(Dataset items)
########

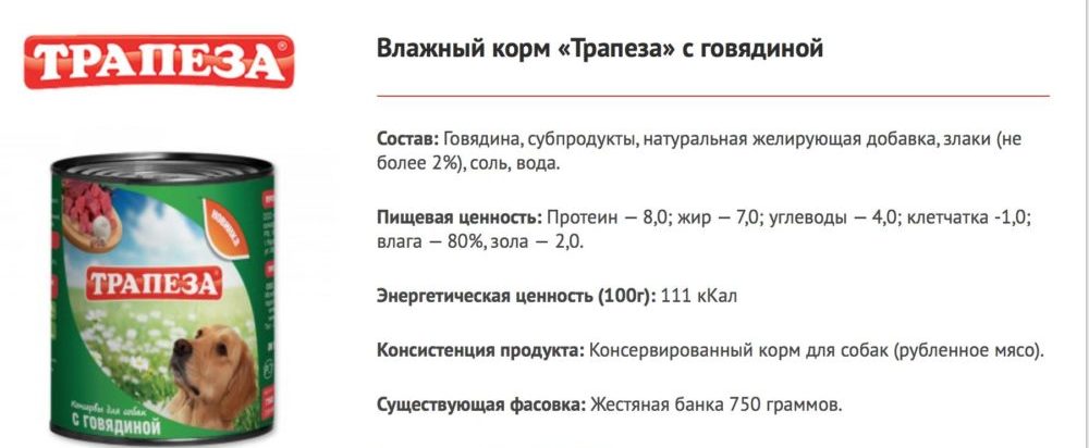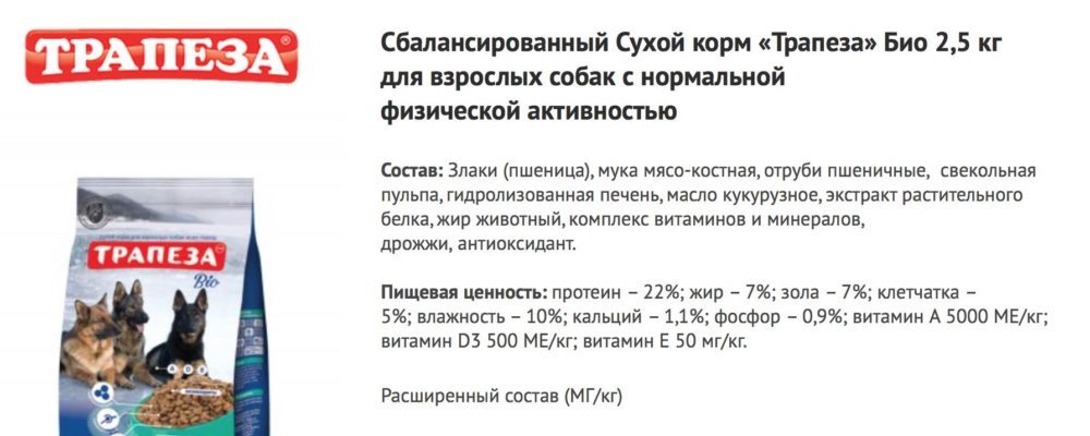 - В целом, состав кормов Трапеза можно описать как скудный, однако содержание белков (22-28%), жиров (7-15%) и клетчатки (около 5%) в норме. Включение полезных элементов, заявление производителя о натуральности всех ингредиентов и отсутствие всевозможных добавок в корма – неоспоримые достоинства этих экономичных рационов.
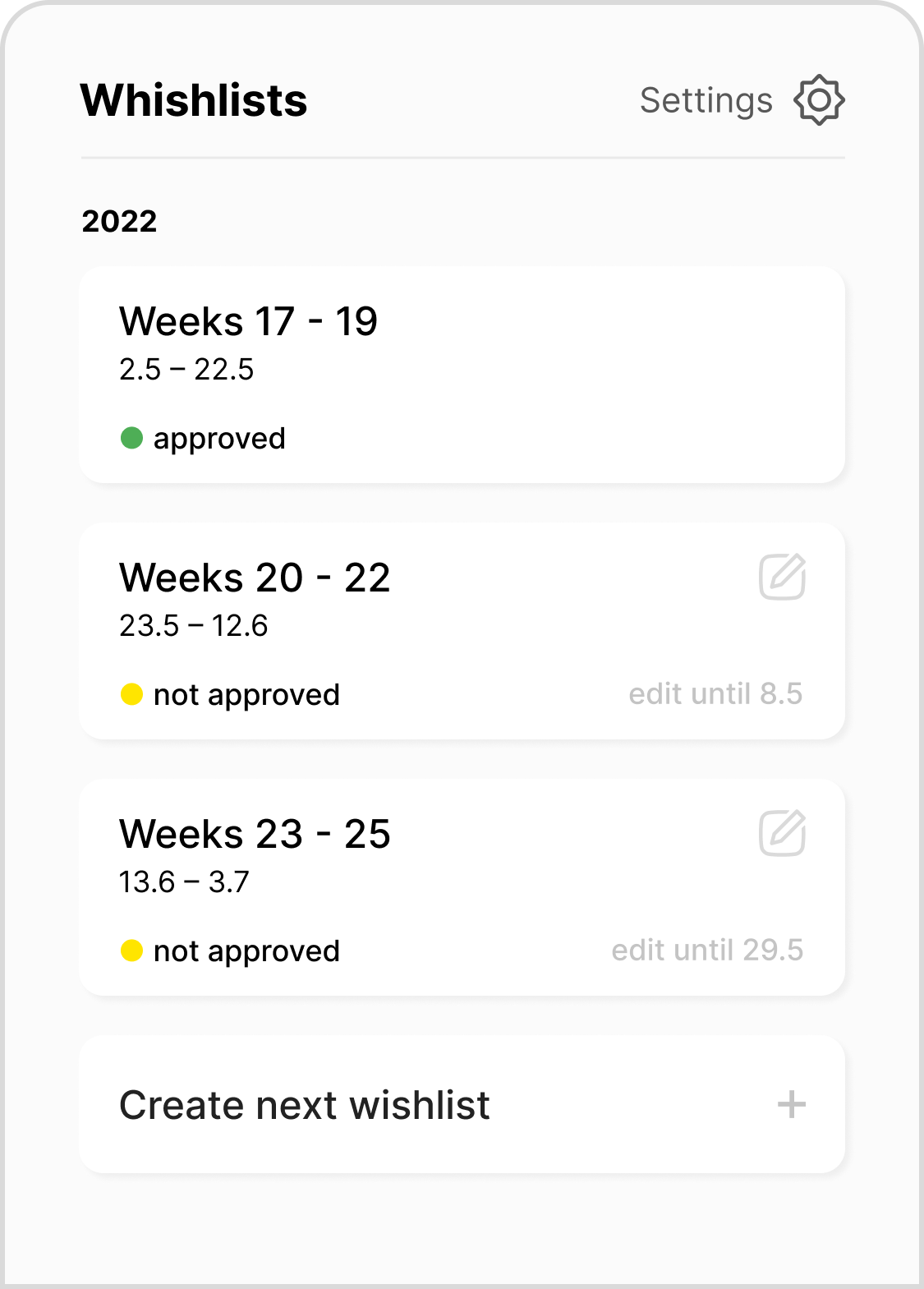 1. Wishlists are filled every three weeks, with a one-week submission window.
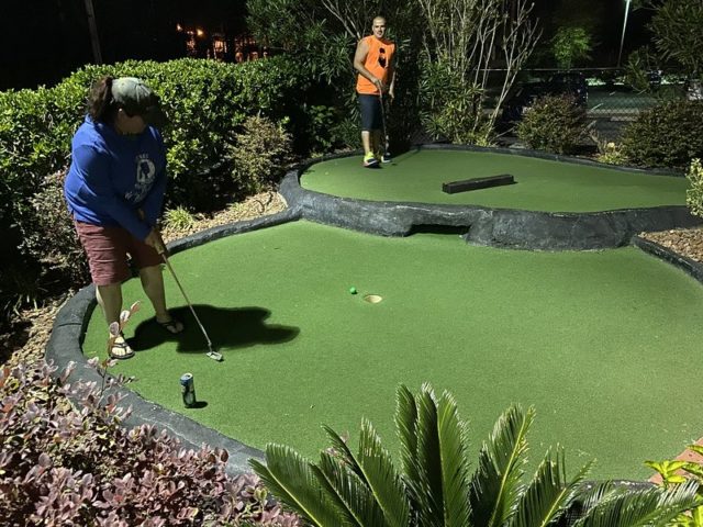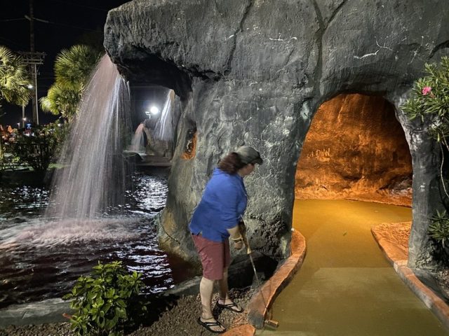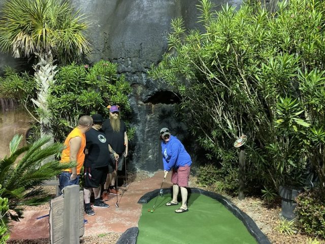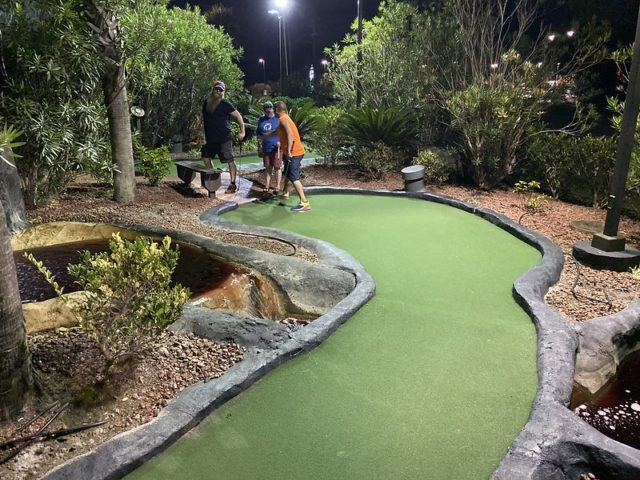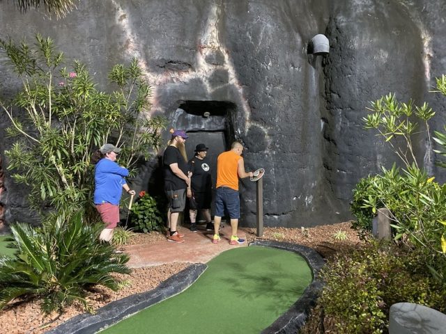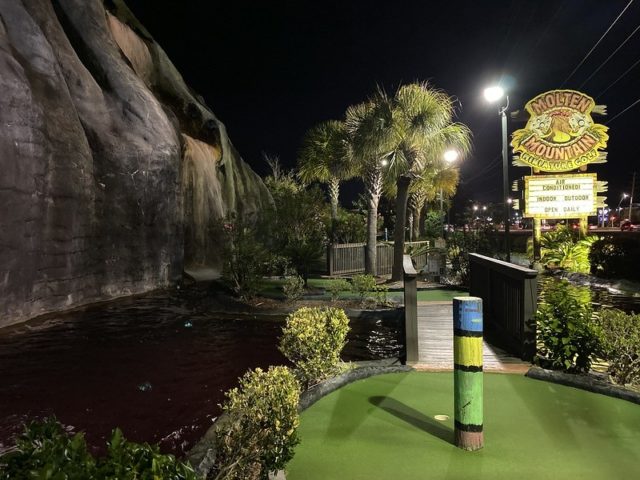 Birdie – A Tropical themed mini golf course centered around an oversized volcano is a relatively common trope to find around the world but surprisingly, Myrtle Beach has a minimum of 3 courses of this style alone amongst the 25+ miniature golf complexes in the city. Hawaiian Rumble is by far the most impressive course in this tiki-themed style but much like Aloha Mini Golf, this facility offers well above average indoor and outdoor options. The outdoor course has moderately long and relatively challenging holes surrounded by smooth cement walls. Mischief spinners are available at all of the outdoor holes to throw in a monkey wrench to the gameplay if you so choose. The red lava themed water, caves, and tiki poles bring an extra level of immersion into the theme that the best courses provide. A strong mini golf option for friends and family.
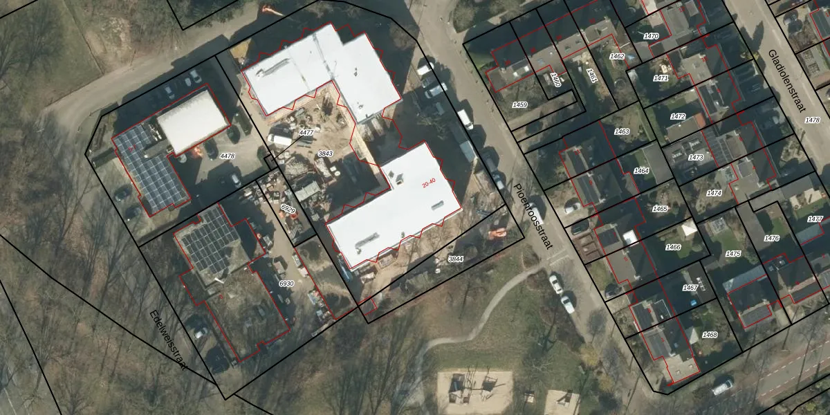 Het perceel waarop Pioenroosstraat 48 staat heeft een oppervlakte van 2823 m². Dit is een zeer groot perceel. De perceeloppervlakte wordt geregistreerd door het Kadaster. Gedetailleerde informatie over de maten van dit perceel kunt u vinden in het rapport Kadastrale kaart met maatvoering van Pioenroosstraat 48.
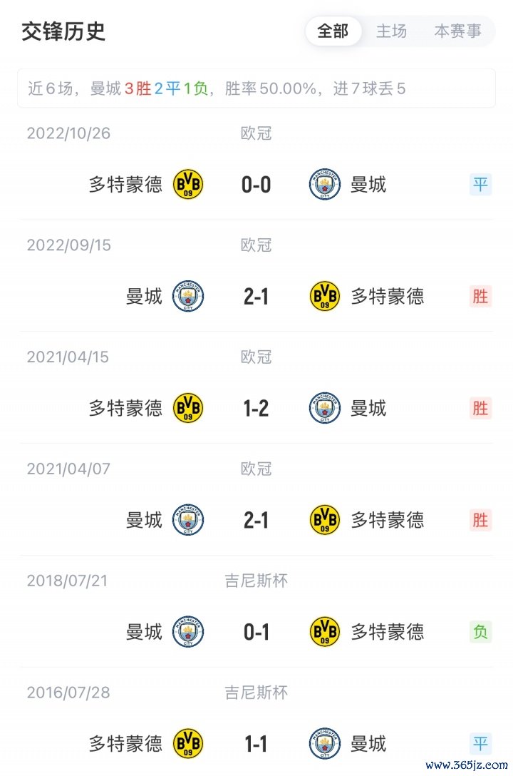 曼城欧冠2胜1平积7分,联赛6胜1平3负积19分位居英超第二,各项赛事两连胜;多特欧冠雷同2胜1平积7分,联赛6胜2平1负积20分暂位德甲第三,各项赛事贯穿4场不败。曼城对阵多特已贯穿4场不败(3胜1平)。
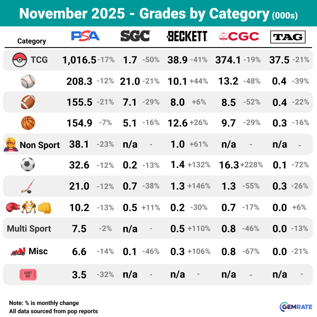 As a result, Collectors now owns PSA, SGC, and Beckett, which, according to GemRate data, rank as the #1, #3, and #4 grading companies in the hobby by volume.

########

- Work to be completed -
Reproduce exactly the lines above starting at the line containing "1. Wishlists are" and ending at the line containing "Birdie – A Tropical", including both, but not the pictures.

- Expected answer -
 1. Wishlists are filled every three weeks, with a one-week submission window.
 Birdie – A Tropical themed mini golf course centered around an oversized volcano is a relatively common trope to find around the world but surprisingly, Myrtle Beach has a minimum of 3 courses of this style alone amongst the 25+ miniature golf complexes in the city. Hawaiian Rumble is by far the most impressive course in this tiki-themed style but much like Aloha Mini Golf, this facility offers well above average indoor and outdoor options. The outdoor course has moderately long and relatively challenging holes surrounded by smooth cement walls. Mischief spinners are available at all of the outdoor holes to throw in a monkey wrench to the gameplay if you so choose. The red lava themed water, caves, and tiki poles bring an extra level of immersion into the theme that the best courses provide. A strong mini golf option for friends and family.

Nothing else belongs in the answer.